Walzl said he cannot recall the city ever selling water on an emergency basis to any other town, except Smithsburg, which has a hookup to Hagerstown's system.

To get the water to the reservoir, tankers from at least six volunteer fire companies hooked up to a fire hydrant at the end of Hagerstown's system on Roxbury Road.

Walzl said the city can spare the water since it draws from a relatively stable source: the Potomac River.

"I'm not saying we have an inexhaustible supply, but it's pretty sure we're not going to run out of water," he said.

Baker said Tuesday the water level in the 19 1/2-foot reservoir had dropped about 6 feet at its worst point. On Tuesday, it was down about 5 1/2 feet.

The situation is considered critical any time it drops more than 3 feet, he said.

Baker said the town had no choice but to turn to Hagerstown. He said he was not even sure how much it would cost.

"I need water," he said. "When you need something, you can't argue price."

Contributing factors

Several factors have combined to put Boonsboro in a dry spot.

The first is weather. Baker said the town has gotten little rain over the last few months. When it does not rain, he said usage tends to increase because more people water their lawns and gardens.

"They love to see that green grass," he said.

When demand increases, Baker said it outstrips the town's ability to pump water into its reservoir.

The system gets water from three sources: about 144,000 gallons a day from the Warrenfeltz spring; about 100,800 gallons a day from the Graystone well; and about 208,000 a day from the Keedysville spring.

In addition, that capacity has remained the same for about the last seven years, Baker said, but development has strained the system. There are more customers than ever - about 2,500 in Boonsboro and 500 in Keedysville.

Boonsboro also has run into problems with state regulators. Baker said the well at the Crestview development could produce 100,000 gallons a day - more than enough to solve the current shortage.
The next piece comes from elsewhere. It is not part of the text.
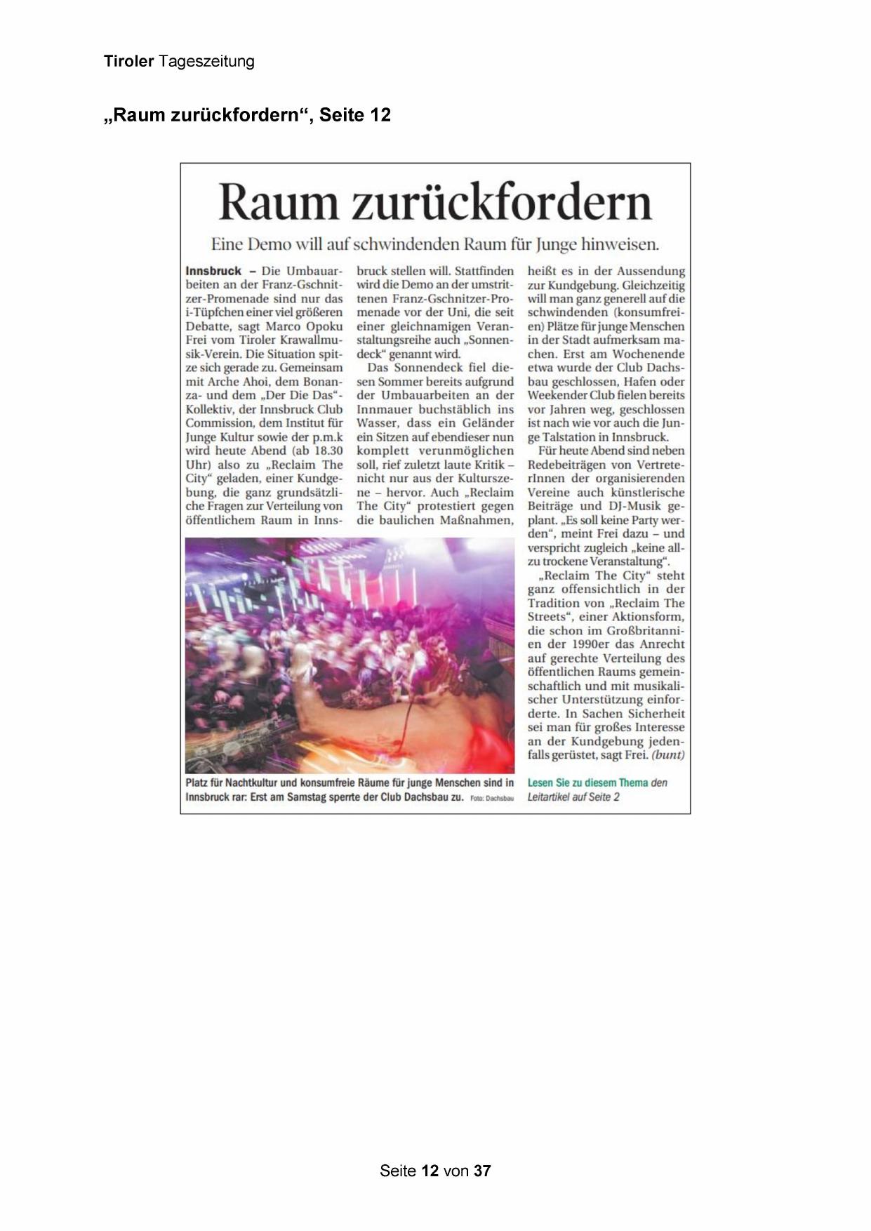 nicht nur aus der Kulturszene — hervor. Auch „Reclaim

But the Maryland Department of Environment has refused to allow officials to pump the well until they build a $3.1 million filtration system. Town officials repeatedly have expressed frustration with the mandate, since it is intended to prevent possible, not actual, contamination.

"But the state says there's a possibility something could go wrong," Baker said. "Just like there's a possibility the roof could cave in on you before you can get out of the building."